Devitt was charged with residential burglary (first degree criminal trespass as an alternative), obstructing a law enforcement officer, and resisting arrest. At the end of the state’s case, Devitt moved to dismiss the burglary charge for failing to establish all of the fundamentals, namely that Devitt planned to commit a misdeed against the person or belongings in the home. The court said obstructing a law enforcement police officer was enough, and let the case go to the jury. Devitt was convicted of all the charges.
Issue – Is obstructing a police officer enough to meet the underlying crime obligation of residential burglary?
Analysis – Residential burglary is defined in RCW 9A.52.025(1) as: entering or remaining unlawfully in a private residence other than a car with intention to commit a transgression against a human being or possessions therein. To substantiate his position that obstructing a law enforcement officer should not make a difference as the underlying transgression, Devitt pointed the court to the prosecutor’s standards for charging crimes. Obstructing a law enforcement officer is not characterized anywhere as a transgression against a person, much less anyone other than the officer.
The language of the residential burglary law requires a exact misdeed (against a self or property) in a detailed place (inside a dwelling) and with a exact intent (to go into the abode to commit the transgression). Because of this, more than just the intent to commit a offense normally is obligatory.
The condition that the misdeed intended to be committed be done “therein” or within the abode, is also important. In this case there was no law enforcement officer in the house, making it hard for Devitt to have entered the house to commit that precise offense.

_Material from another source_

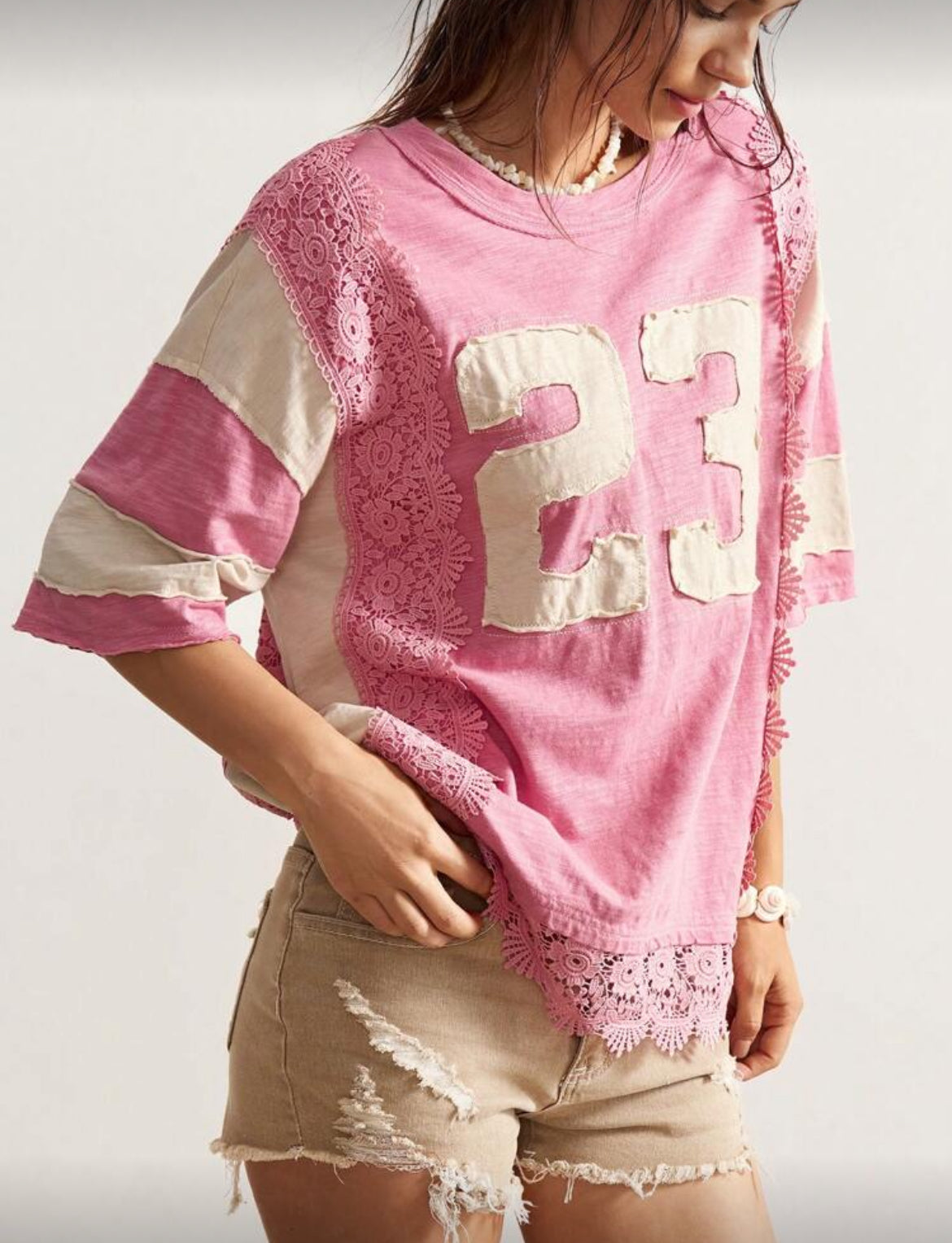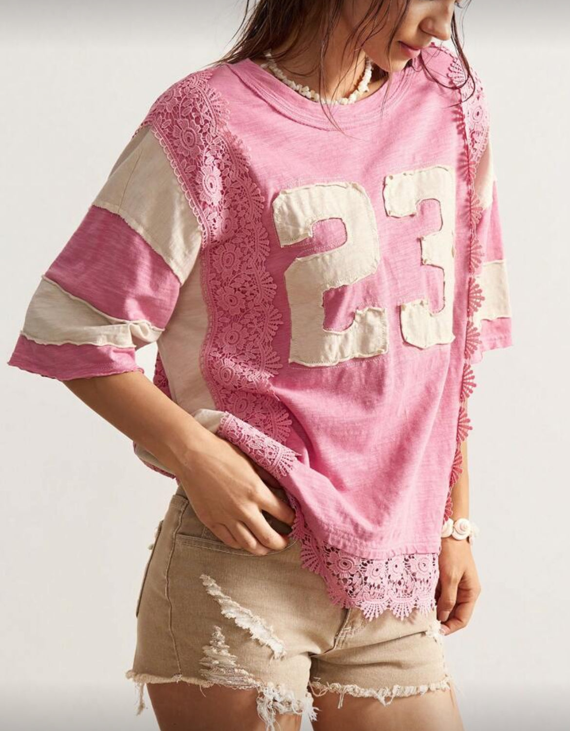 Add a touch of playful femininity to your wardrobe with our Pink Lace Jersey Number 23. Made with delicate lace and featuring the iconic number 23, this jersey will have you looking stylish and confident. Stand out from the crowd and show off your love for sports in a unique and quirky way.

Holding – the state failed to corroborate the essentials of the residential burglary law. The case is dismissed with prejudice.
Seattle criminal defense Lawyer’s Analysis – Really? Are you freaking kidding me? Why would the prosecutor even charge this offense, much less see it through to a jury trial and then claim their completely awkward view to the court of appeals? And why would the trial court judge not read the statute and realize the elements of the transgression had not been met? I am a DUI lawyer in Seattle, so I am a little biased. But I am not the type of drunk driving defense attorney that is an apologist for my clients. I see the facts and I see the crimes charged and I work from there. Why can’t prosecutors do the same thing?
This is a great example of some of the things we are forced to deal with all the time that gum up the driving under the influence justice system, make everyone grumpy, and make defense attorneys think prosecutors are unreasonable and gunning for victories at all times. If this prosecutor would have amended the charges to first degree trespass there would have been no trial, there would have been no appeal, and all of this time would not have been wasted. A first year law student should be able to make the analysis requisite to get this conclusion right.